MBS, which stands for either "Mohammad Bin Salman" or "Mr. Bone Saw" depending on who you ask, kind of slid off a lot of people's radars. He poses an interesting question now for the ethical conduct of American foreign policy, because Biden is actually scheduled to meet him in late June.
So, Mohamad bin Salman was linked by an official director of national intelligence report to the killing of Washington Post journalist and American resident Jamal Khashoggi.
As some of the first moves that Biden made upon assuming office, on February 26th, America ended its support for the Saudi-led war in Yemen, stopped sales of some precision-guided munitions to the Saudis, and then sanctioned "the Saudi Rapid Intervention Force and Former Deputy Head of Saudi Arabia’s General Intelligence Presidency" for Khashoggi's murder. We stopped short of hitting MBS himself; this looks to have been a pragmatic decision on the Biden Administration's part.

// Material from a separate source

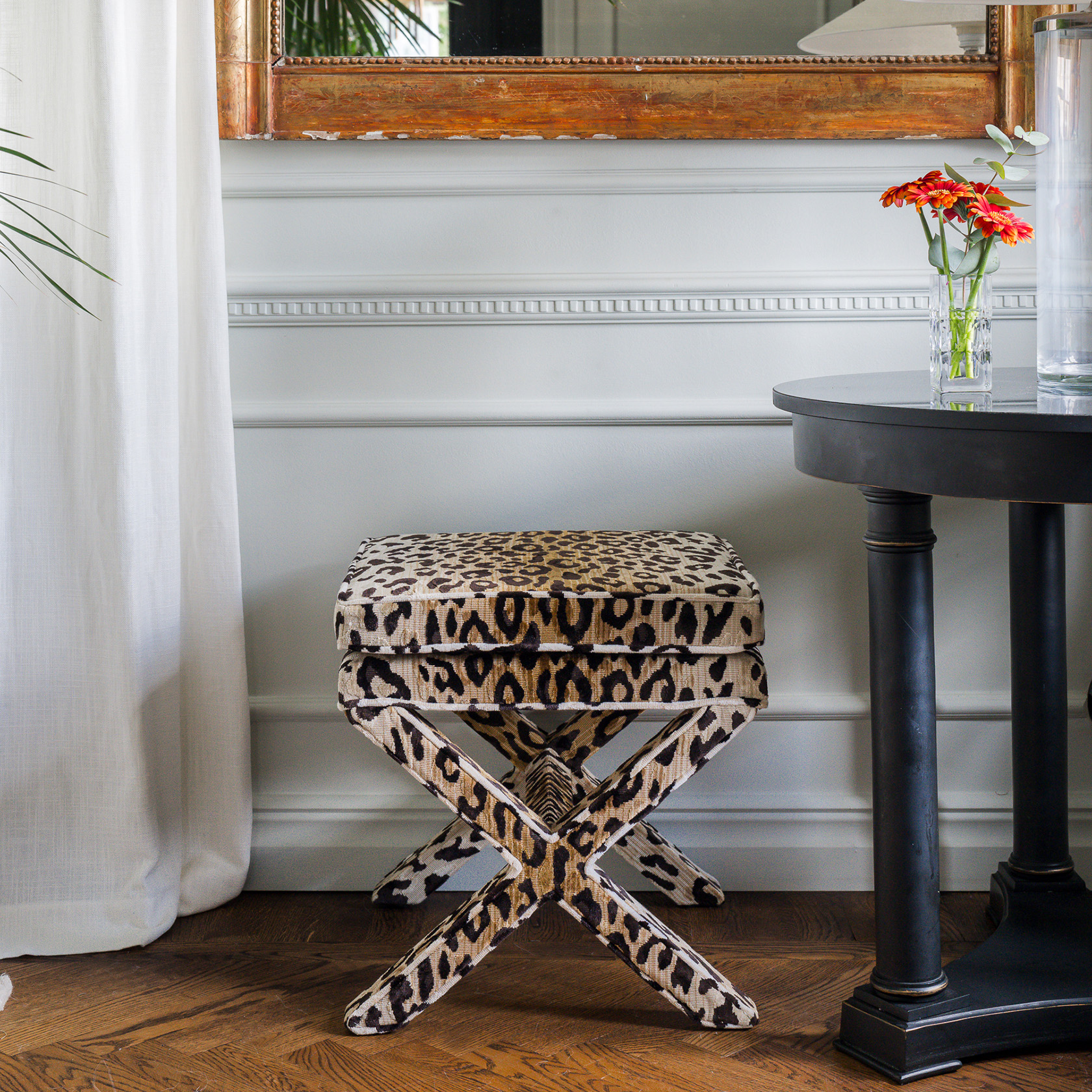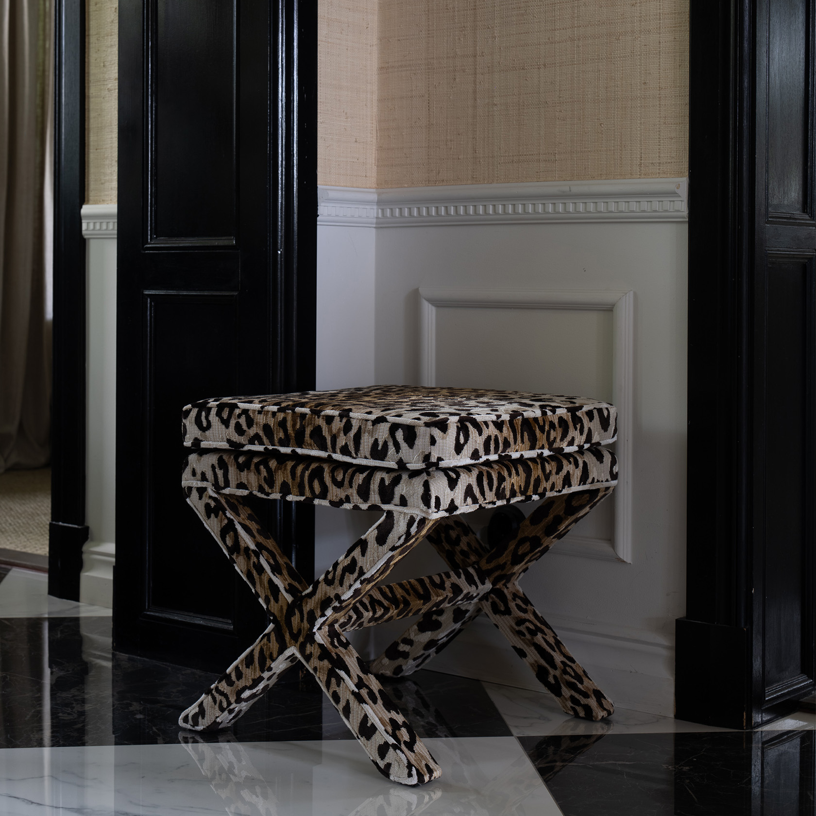 Lou Vanity Stool – Linen Fabric with Velvet Piping & Decorative Tape

In a somewhat startling turn of events, it ends up being necessary to fact-check Jenn Psaki on this. Psaki said, in defense of not hitting MBS with sanctions himself, that:
“Historically, and even in recent history, Democratic and Republican administrations, there have not been sanctions put in place for the leaders of foreign governments where we have diplomatic relations – and even where we don’t have diplomatic relations."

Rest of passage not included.